Gatineau, Quebec-based Hexo said its adjusted net loss for the quarter was $43.7 million, compared with the average analyst estimate of a $13.2 million loss. Revenue stood at $15.4 million.

Hexo also also took a $17 million inventory writedown, citing price compression, which BMO analyst Tamy Chen called “an unsettling development considering the sizable amount of unfinished inventory” held by Canadian licensed producers.

Hexo’s share price has tumbled 46 per cent from the close of trading on Oct. 4, when it announced its chief financial officer would step down after about four months on the job.

That was followed by a guidance cut, when the company said its quarterly revenue would be between $14.5 million and $16.5 million, after previously saying it would double from the $13 million reported in the prior quarter.

Suspends Operations

It also withdrew its fiscal 2020 guidance for $400 million in sales and said last week it would cut about 200 jobs, or approximately a quarter of its workforce. As a result, it will suspend its operations in Niagara, Ontario and in 200,000 square feet of its facility in Gatineau.

Its recent plan to issue $70 million of convertible debentures with a conversion price below its stock price also raised eyebrows.
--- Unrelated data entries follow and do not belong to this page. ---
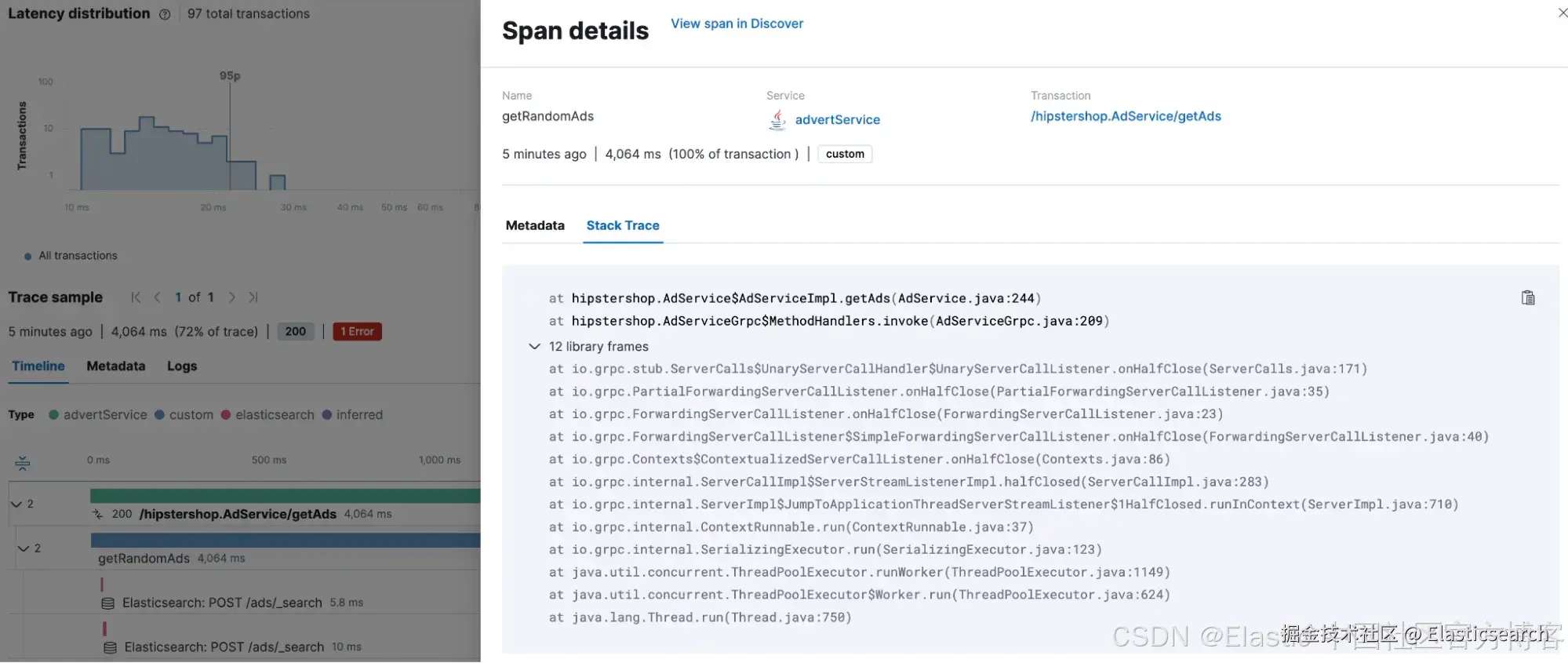 在许多情况下,分布式跟踪中的跨度相对粗粒度,特别是在未使用推断跨度等功能时。准确了解跨度在代码路径中的起源位置可能非常有价值。为了满足这一需求,OTel Java 代理的 Elastic 分发包括跨度堆栈跟踪功能。此功能通过收集超过可配置最小持续时间的跨度的相应堆栈跟踪来提供关键见解,从而准确指出跨度在代码中的起始位置。
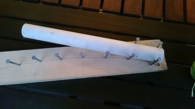 To keep the loop as circular as possible the PVC was curved using a quickly made jig made from nails and some wood. The PVC was heated with a heat gun and bent into shape.
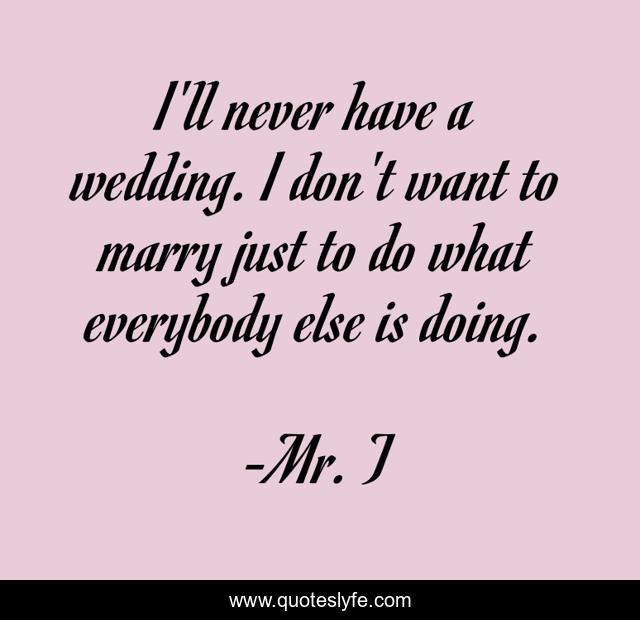 This page presents the quote "I'll never have a wedding. I don't want to marry just to do what everybody else is doing.". Author of this quote is Mr. T. .
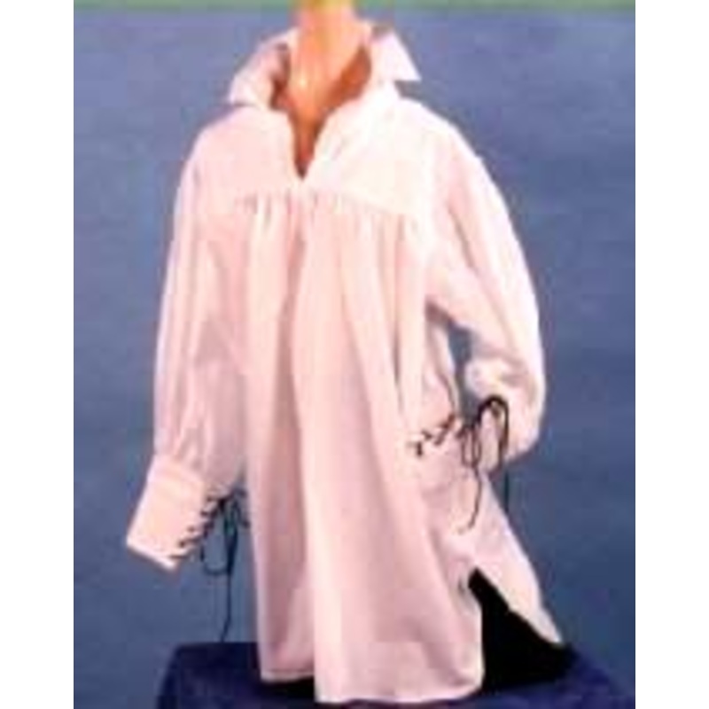 A24183 Great for Cavalier, Pirate, Renaissance.Includes: Comfortable cotton blouse with V-neck & a collar that can be worn up or down. Full cut sleeves with 6" straight lace up cuffs. Colors: White, Black, PurpleSize: One Size (8-14)
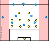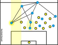 Another possible way of opening gaps in low defensive blocks is by concentrating the play on one particular region of the field – usually the wing or the half-space. This involves the attacking team focusing on combinational play in a narrow space and thus inviting the deep defending to press and win the ball. Since the defending team concentrates on blocking the ball progression through the space, it leaves open space on the far side.
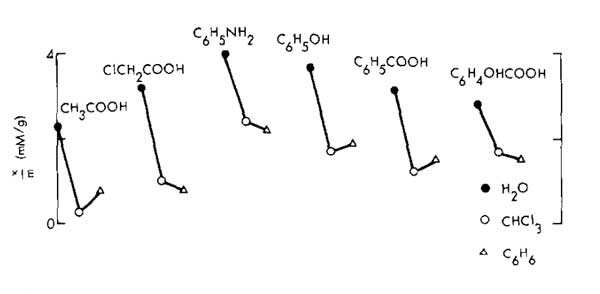 通過測量水,氯仿和苯中溶液對乙酸,一氯乙酸,苯甲酸,苯酚,苯胺和水楊酸的吸附,研究了溶劑極性的影響。活性炭的結果如圖2所示。-Cl在乙酸分子中的吸附總是增加,但是在有取代苯的情況下,吸附順序是
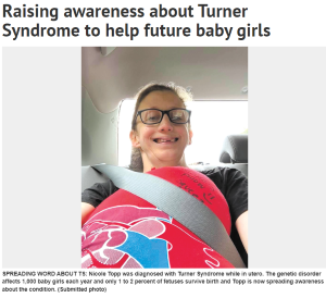"Most people are familiar with Down syndrome and cystic fibrosis but have never heard of Turner syndrome ... I am surprised about the lack of awareness ... I would like to [spark] more awareness that the condition even exists, as well as help get undiagnosed young girls diagnosed."
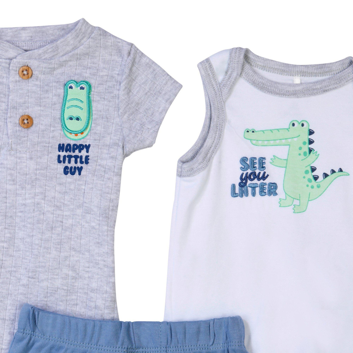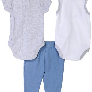 This three piece baby boy set includes a soft romper, cozy pants, and a matching accessory for a complete look. Designed for comfort and style, the breathable fabric keeps baby happy all day. Perfect for playtime or outings, this set makes dressing easy and adorable.
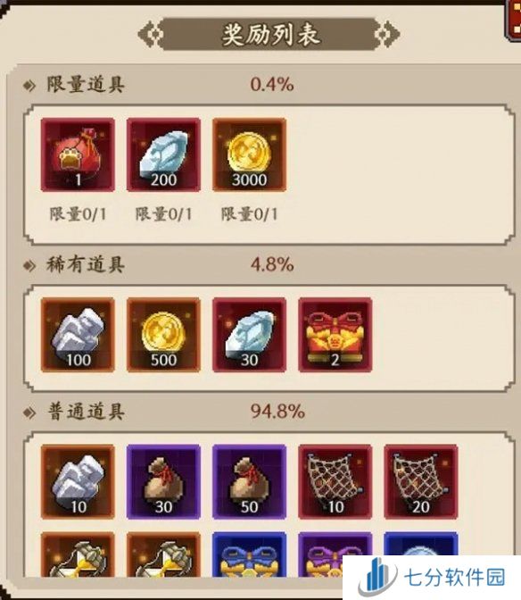 2、物品分析:限量道具中规中矩,20抽给的网和金币都十分到位。
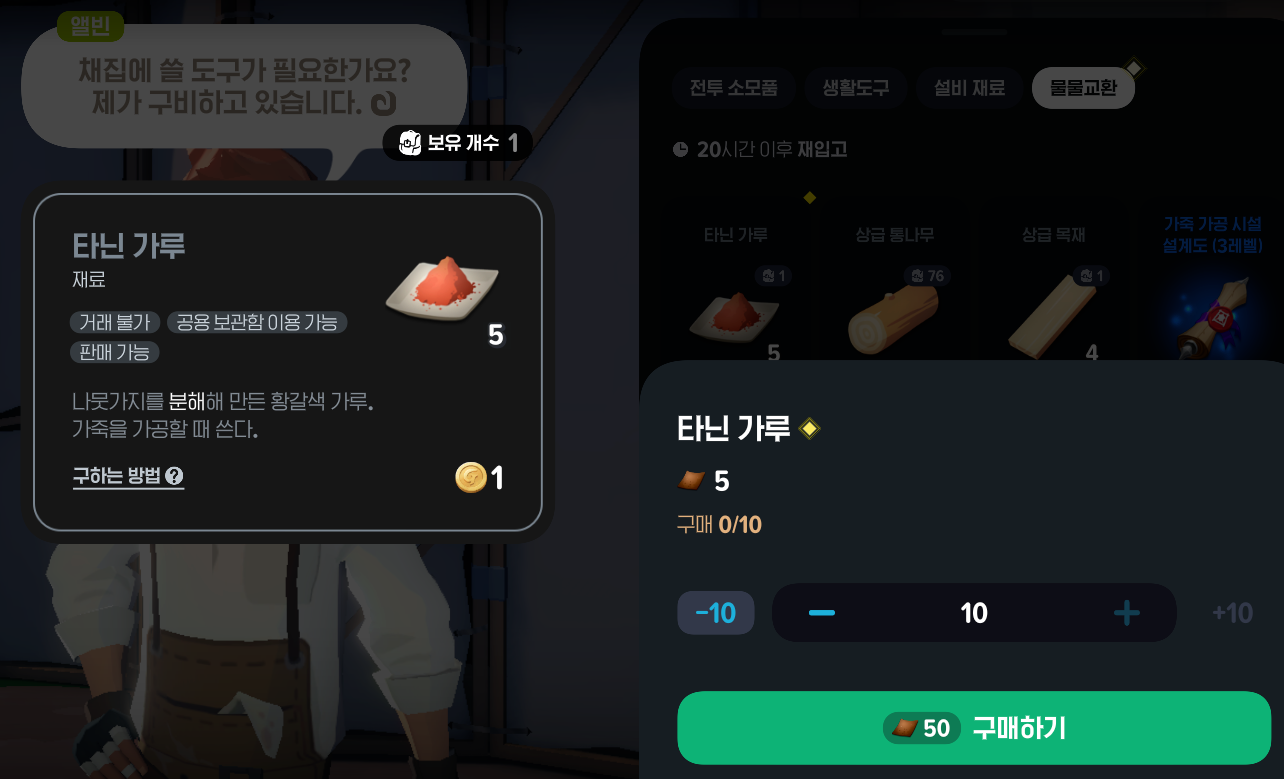 엘빈과 물물교환으로 타닌가루 얻기

It said Tuesday it’s also in the process of setting up an at-the-market financing, in which a company raises money by selling shares incrementally at prevailing prices.
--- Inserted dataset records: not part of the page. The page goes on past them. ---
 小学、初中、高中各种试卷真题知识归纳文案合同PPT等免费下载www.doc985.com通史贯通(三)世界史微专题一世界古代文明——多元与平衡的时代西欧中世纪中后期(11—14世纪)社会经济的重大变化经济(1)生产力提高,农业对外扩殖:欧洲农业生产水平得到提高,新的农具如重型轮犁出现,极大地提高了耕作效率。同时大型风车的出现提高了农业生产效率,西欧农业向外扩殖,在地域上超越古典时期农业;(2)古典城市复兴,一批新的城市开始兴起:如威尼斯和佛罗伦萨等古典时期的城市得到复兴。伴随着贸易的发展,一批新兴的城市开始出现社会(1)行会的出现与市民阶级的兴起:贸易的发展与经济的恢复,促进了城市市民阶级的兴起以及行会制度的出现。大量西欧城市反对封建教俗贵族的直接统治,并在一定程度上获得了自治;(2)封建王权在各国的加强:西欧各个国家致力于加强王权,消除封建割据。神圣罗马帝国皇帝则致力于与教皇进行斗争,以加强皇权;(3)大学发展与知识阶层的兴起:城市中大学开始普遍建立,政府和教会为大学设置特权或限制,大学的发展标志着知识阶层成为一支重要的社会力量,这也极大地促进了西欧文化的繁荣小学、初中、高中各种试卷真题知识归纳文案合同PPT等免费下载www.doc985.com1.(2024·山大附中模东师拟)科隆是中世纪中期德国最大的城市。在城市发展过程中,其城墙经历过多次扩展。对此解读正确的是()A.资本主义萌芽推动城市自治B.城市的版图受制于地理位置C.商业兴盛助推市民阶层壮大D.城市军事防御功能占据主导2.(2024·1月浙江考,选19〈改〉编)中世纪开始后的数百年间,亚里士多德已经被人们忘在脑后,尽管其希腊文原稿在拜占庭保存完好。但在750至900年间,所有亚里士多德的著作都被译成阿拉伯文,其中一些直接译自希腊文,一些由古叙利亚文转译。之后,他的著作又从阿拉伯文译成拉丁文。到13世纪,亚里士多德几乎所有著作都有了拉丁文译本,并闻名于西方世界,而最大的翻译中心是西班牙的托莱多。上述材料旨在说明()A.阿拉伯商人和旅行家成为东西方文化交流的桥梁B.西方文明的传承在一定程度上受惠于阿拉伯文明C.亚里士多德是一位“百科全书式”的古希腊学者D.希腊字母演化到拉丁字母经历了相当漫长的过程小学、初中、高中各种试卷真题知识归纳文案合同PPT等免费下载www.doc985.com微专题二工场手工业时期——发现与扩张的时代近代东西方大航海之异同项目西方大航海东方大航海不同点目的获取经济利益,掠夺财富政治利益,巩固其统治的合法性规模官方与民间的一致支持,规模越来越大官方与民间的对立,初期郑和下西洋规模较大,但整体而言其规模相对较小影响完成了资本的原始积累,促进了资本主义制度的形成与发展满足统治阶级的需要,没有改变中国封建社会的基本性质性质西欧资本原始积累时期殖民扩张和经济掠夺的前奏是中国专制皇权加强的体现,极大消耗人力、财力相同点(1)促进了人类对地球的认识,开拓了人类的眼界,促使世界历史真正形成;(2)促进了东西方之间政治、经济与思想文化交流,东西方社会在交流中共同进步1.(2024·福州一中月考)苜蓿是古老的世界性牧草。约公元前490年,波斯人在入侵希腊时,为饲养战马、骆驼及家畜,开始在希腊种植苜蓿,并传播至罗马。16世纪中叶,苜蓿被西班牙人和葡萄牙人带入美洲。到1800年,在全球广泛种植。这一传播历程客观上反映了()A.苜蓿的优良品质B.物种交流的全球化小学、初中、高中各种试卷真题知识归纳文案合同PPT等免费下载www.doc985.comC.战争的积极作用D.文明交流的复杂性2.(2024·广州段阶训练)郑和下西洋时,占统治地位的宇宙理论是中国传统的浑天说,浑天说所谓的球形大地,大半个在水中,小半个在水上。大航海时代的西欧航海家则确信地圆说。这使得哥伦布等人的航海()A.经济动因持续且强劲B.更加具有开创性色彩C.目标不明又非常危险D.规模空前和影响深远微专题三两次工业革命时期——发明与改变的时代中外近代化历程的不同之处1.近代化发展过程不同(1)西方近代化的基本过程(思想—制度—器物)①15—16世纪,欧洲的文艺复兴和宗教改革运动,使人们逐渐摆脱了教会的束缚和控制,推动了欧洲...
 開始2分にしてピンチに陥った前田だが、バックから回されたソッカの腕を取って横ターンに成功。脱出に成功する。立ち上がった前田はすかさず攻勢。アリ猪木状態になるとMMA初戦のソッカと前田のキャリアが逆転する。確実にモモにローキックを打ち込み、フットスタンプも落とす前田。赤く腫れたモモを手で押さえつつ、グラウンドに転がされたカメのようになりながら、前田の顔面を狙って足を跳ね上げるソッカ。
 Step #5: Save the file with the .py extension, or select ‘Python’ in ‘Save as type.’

Chief Executive Officer Sebastien St-Louis framed the quarter as a positive one, where the company managed to maintain its 33% market share in its home province of Quebec while making the difficult decisions that its competitors will also be forced to make sooner or later.

“If you look to the metrics and the way Hexo is managing its business, the way we’re making hard decisions on operations and the market share we’ve managed to keep, that tells a much stronger story than the quarterly revenue numbers,” St-Louis said Tuesday on a call with analysts.

Top Three

He added that his goal is to make Hexo a top-three player in Canada by achieving 20% market share nationally.
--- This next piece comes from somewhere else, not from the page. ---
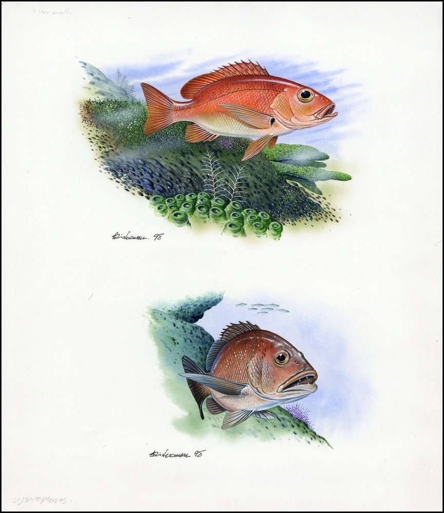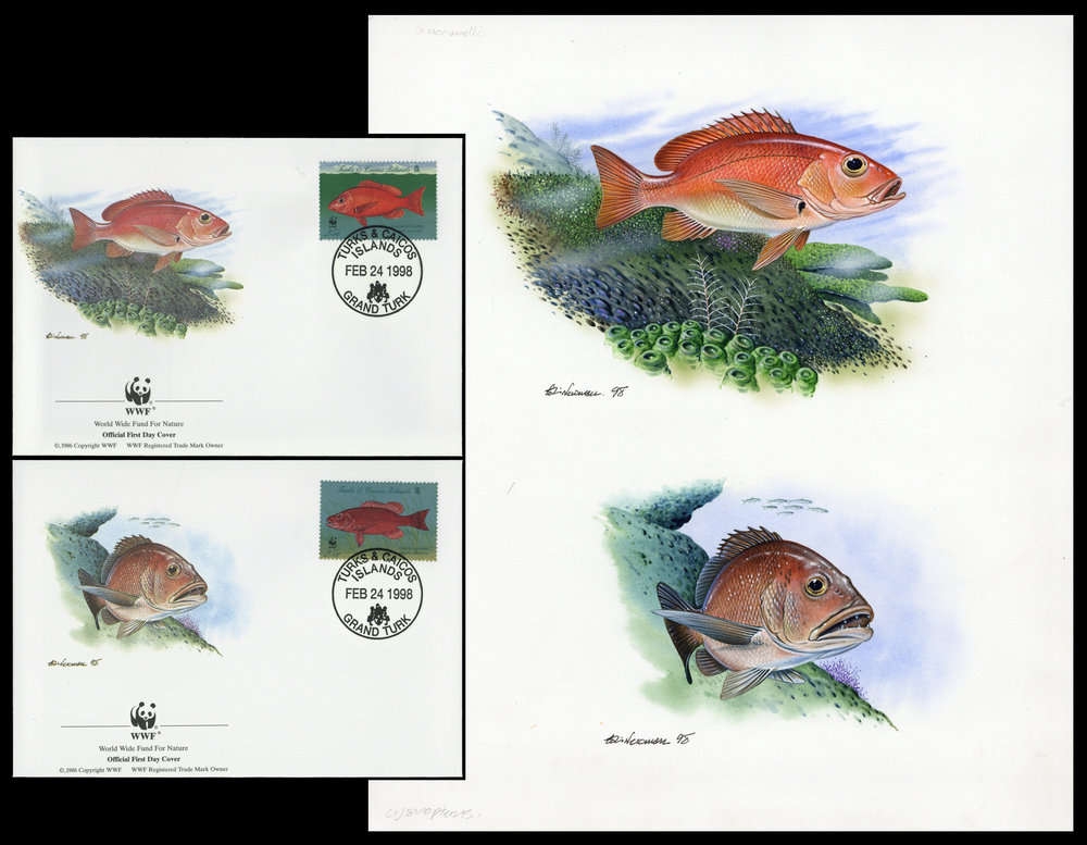 1998, Original von Hand gemaltes Kunstwerk "Schwarzflossenschnapper" und "Hundsschnapper" in Farbe für die beiden offiziellen WWF Ersttagsbriefumschläge "Schwarzflossenschnapper" (Lutjanus buccanella) und "Hundsschnapper" (Lutjanus jocu) von den Turks- & Caicos-Inseln jeweils mit der Wertstufe zu 25 C. auf Kartonpapier in der Gesamtgröße 256x295 mm von dem Künstler Colin Newman/Großbritannien.

“As competitors fail in the next 12 months, and we’ll have lots of them failing, especially the small ones, I think that opens up space” in the market, St-Louis said.

Hexo said it expects first-quarter net revenue to be between C$14 million and C$18 million and it’s “targeting to achieve positive adjusted Ebitda in calendar 2020.” It also expects to deliver gross margins in the low-40 per cent range going forward.

Short interest stood at 12 per cent of its float or US$68.5 million last week, according to data from financial analytics firm S3 partners.